------ Supplied information ------

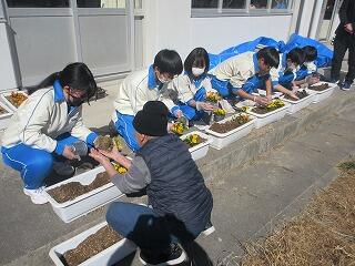 2月26日(水) ロング昼休みに、美化委員会が花苗植えを行いました。用務員さんの指導を受けながら、とてもていねいにプランターに植えていきました。完成したプランターを見て、みな大満足でした。河原子中がますますきれいになっていきます。
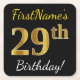 Black, Faux Gold 29th Birthday + Custom Name Square Paper Coaster
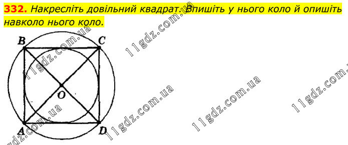 Накресліть довільний квадрат. Впишіть у нього коло й опишіть навколо нього коло.

------

§ **Aim of the exercise**: What you give back must match the material word for word, with no images included.

§ **Response below**:
 2月26日(水) ロング昼休みに、美化委員会が花苗植えを行いました。用務員さんの指導を受けながら、とてもていねいにプランターに植えていきました。完成したプランターを見て、みな大満足でした。河原子中がますますきれいになっていきます。
 Black, Faux Gold 29th Birthday + Custom Name Square Paper Coaster
 Накресліть довільний квадрат. Впишіть у нього коло й опишіть навколо нього коло.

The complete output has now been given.